You can start the worker in the foreground by executing the command:

$ faust -A proj worker -l info

For a full list of available command-line options simply do:

$ faust worker --help

You can start multiple workers for the same app on the same machine, but be sure to provide a unique web server port to each worker, and also a unique data directory.

Start first worker:

$ faust --datadir=/var/faust/worker1 -A proj -l info worker --web-port=6066

Then start the second worker:

$ faust --datadir=/var/faust/worker2 -A proj -l info worker --web-port=6067

Sharing Data Directories

Worker instances should not share data directories, so make sure to specify a different data directory for every worker instance.

Stopping a worker

Shutdown is accomplished using the TERM signal.

When shutdown is initiated the worker will finish all currently executing tasks before it actually terminates. If these tasks are important, you should wait for it to finish before doing anything drastic, like sending the KILL signal.

If the worker won’t shutdown after considerate time, for being stuck in an infinite-loop or similar, you can use the KILL signal to force terminate the worker. The tasks that did not complete will be executed again by another worker.

Starting subprocesses

For Faust applications that start subprocesses as a side effect of processing the stream, you should know that the “double-fork” problem on Unix means that the worker will not be able to reap its children when killed using the KILL signal.

To kill the worker and any child processes, this command usually does the trick:

$ pkill -9 -f 'faust'

If you don’t have the pkill command on your system, you can use the slightly longer version:

$ ps auxww | grep 'faust' | awk '{print $2}' | xargs kill -9

Restarting a worker

To restart the worker you should send the TERM signal and start a new instance.

Kafka Rebalancing

When using Kafka, stopping or starting new workers will trigger a rebalancing operation that require all workers to stop stream processing.
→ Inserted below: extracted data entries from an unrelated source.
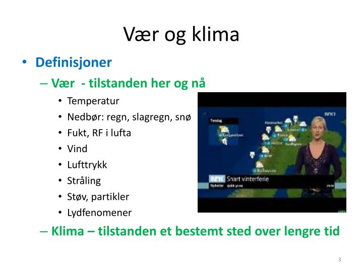 For de som ikke vet forskjellen på vær og klima, anbefaler vi denne presentasjonen fra en forelesning i byggteknikk fra Høgskolen i Gjøvik.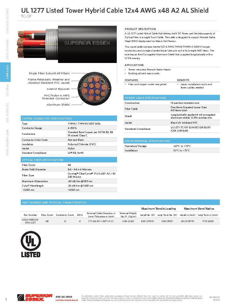 ← BackDatasheet UL Listed - Tower Hybrid - A2 AL Shield - Single Fiber Subunit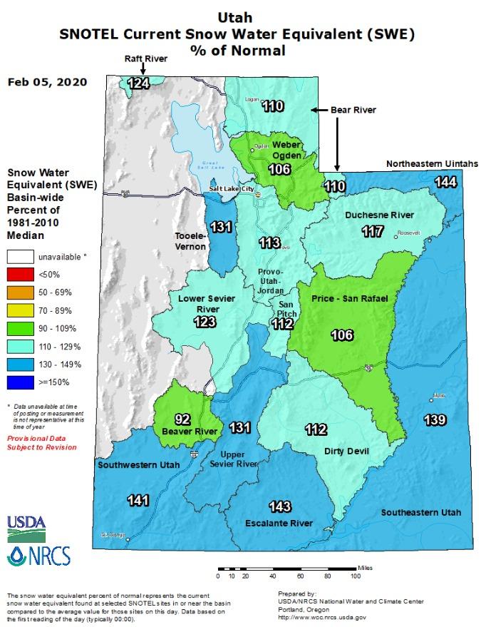 A new SNOTEL report for Utah was released on Wednesday. Current snow water equivalent for the Duchesne River region is 117 percent the average for this time of year and the snow water equivalent for the Northeastern Uintahs region is 144 percent the average for this time of year. The Utah Department of Natural Resources shares that the SNOTEL report shows the current snow water equivalent is still well above normal with another storm fast approaching.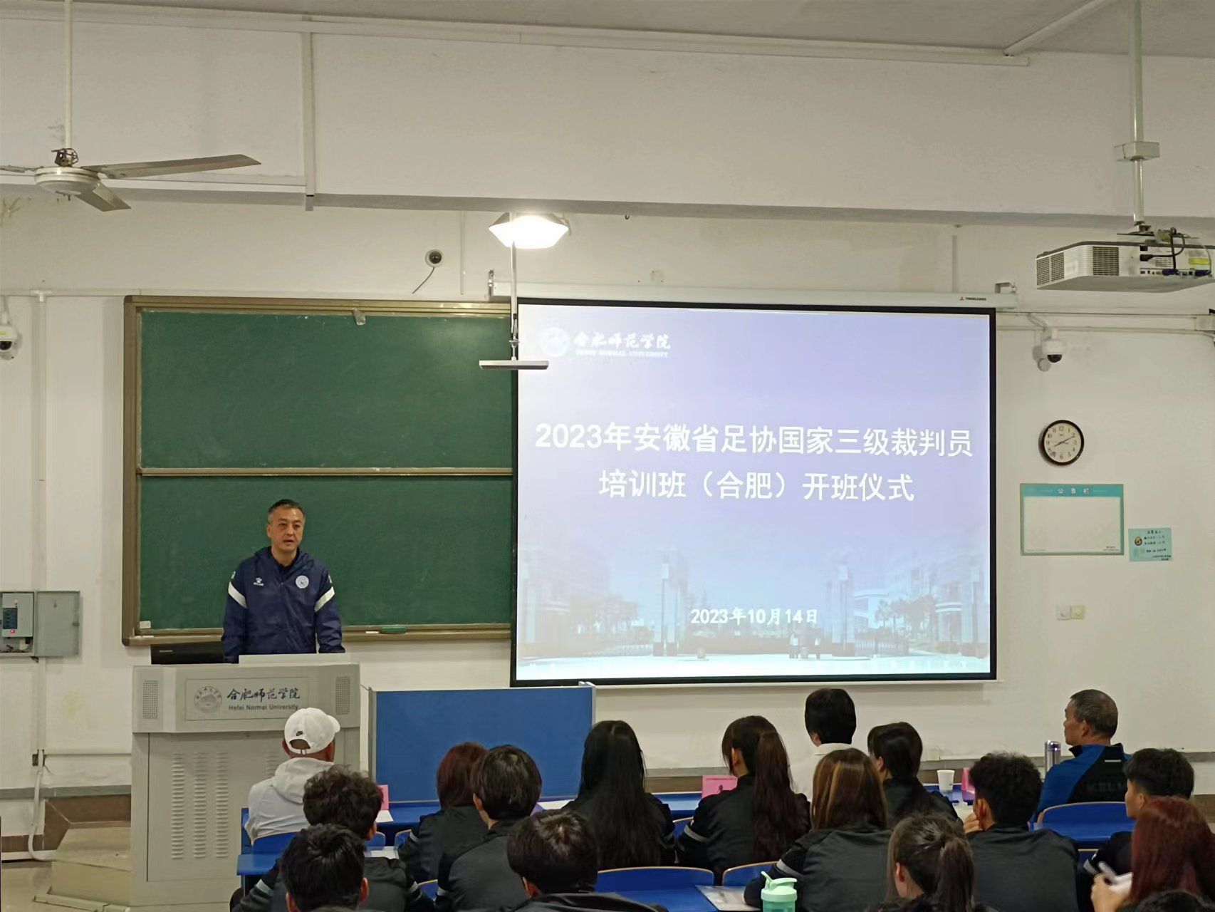 10月14日上午,培训班开班仪式在学院锦绣校区举行。太阳成集团tyc522cc副院长席莉,合肥市足协常务副主席、秘书长王欣,合肥市足协副秘书长、裁委会主任谢长征,合肥市足协裁委会副主任、本次培训安徽省足协指定讲师邵安强,合肥市足协副秘书长黄忠芬,合肥市足协裁委会副主任李明,合肥市足协裁委会委员陈亚洲,以及全体参训学员参加。

See Managing a cluster for more information.

Process Signals

The worker’s main process overrides the following signals:

TERM

Warm shutdown, wait for tasks to complete.

QUIT

Cold shutdown, terminate ASAP

USR1

Dump traceback for all active threads in logs

Managing a cluster

In production deployments the management of a cluster of worker instances is complicated by the Kafka rebalancing strategy.

Every time a new worker instance joins or leaves, the Kafka broker will ask all instances to perform a “rebalance” of available partitions.

This “stop the world” process will temporarily halt processing of all streams, and if this rebalancing operation is not managed properly, you may end up in a state of perpetual rebalancing: the workers will continually trigger rebalances to occur, effectively halting processing of the stream.

Note

The Faust web server is not affected by rebalancing, and will still serve web requests.

This is important to consider when using tables and serving table data over HTTP. Tables exposed in this manner will be eventually consistent and may serve stale data during a rebalancing operation.

When will rebalancing occur? It will occur should you restart one of the workers, or when restarting workers to deploy changes, and also if you change the number of partitions for a topic to scale a cluster up or down.

Restarting a cluster

To minimize the chance of rebalancing problems we suggest you use the following strategy to restart all the workers:

  1. Stop 50% of the workers (and wait for them to shut down).

  2. Start the workers you just stopped and wait for them to fully start.

  3. Stop the other half of the workers (and wait for them to shut down).

  4. Start the other half of the workers.

This should both minimize rebalancing issues and also keep the built-in web servers up and available to serve HTTP requests.

KIP-441 and the future…

The Kafka developer community have proposed a solution to this problem, so in the future we may have an easier way to deploy code changes and even support autoscaling of workers.

See KIP-441: Smooth Scaling Out for Kafka Streams for more information.